Jamaica is joining Barbados in the ranks of Caribbean “minisuperpowers,” reports the Miami Herald: “After years of being hobbled by crippling debt, double-digit deficits and negative growth, Jamaica, the largest island in the English-speaking Caribbean, is showing its ability to weather crises — and its hard-won economic stability is getting noticed along with the leadership of its prime minister.”
Paraguay
The Aquidaban ferry has been the only regular service deep into Paraguay’s Pantanal wetland for decades, traveling 500 miles up and down the Paraguay River, “delivering everything from dirt bikes to newborns.” But new roads carved across the country’s remote north threaten the regional institution, reports the New York Times.
Uruguay
Uruguayan President Luis Lacalle Pou’s efforts to appropriately place (or dispose of) a Nazi artifact salvaged from the Rio de la Plata are foundering amid intense national and international disagreement, reports the Washington Post.
On the 1st of July in Amsterdam at the commemoration of the abolition of slavery on that date in 1863, 160 years ago, King Willem Alexander of the Netherlands offered his apology for the role of the State of the Netherlands and its West Indian Company for the practice of slavery in its Caribbean and South American colonies.
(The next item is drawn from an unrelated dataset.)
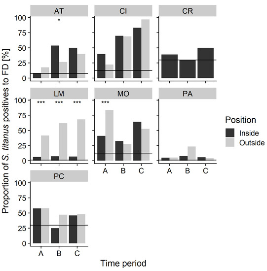 Flavescence dorée phytoplasma infection of S. titanus populations sampled with yellow sticky traps exposed for two weeks inside and outside the different vineyards. Inside and outside levels of infection in the same vineyard are represented. The horizontal black line represents the prevalence of FD-symptomatic grapevines in the vineyard (Table 1). The total number of FDp-tested S. titanus at each vineyard, time point, and trap position is reported in Table S2. Asterisks indicate significant difference between the proportion of FD-infected S. titanus collected inside and outside the vineyard (* p < 0.05; *** p < 0.001).

For 300 years Africans were abducted, cruelly deported and inhumanely put to work on the Dutch plantations on the Caribbean islands of Curaçao, Aruba, Bonaire, Sint Eustatius, Saba, Sint Maarten and on the South American mainland Suriname. The Dutch participation in the slave-trade consisted of approximately 600.000 persons.
Moreover he asked for forgiveness as to the passivity of his own family, the house of Oranje-Nassau, in respect to this practice during this period, due to the benefits they obtained from it. These excuses were directed at the inhabitants of the said territories that are still part of the Kingdom of the Netherlands, and Suriname which gained independence in 1975. He mentioned the present day consequences of the tradition of slavery reflected in racism and discrimination still present in Dutch society. This commemoration is meant to be part of the struggle against this.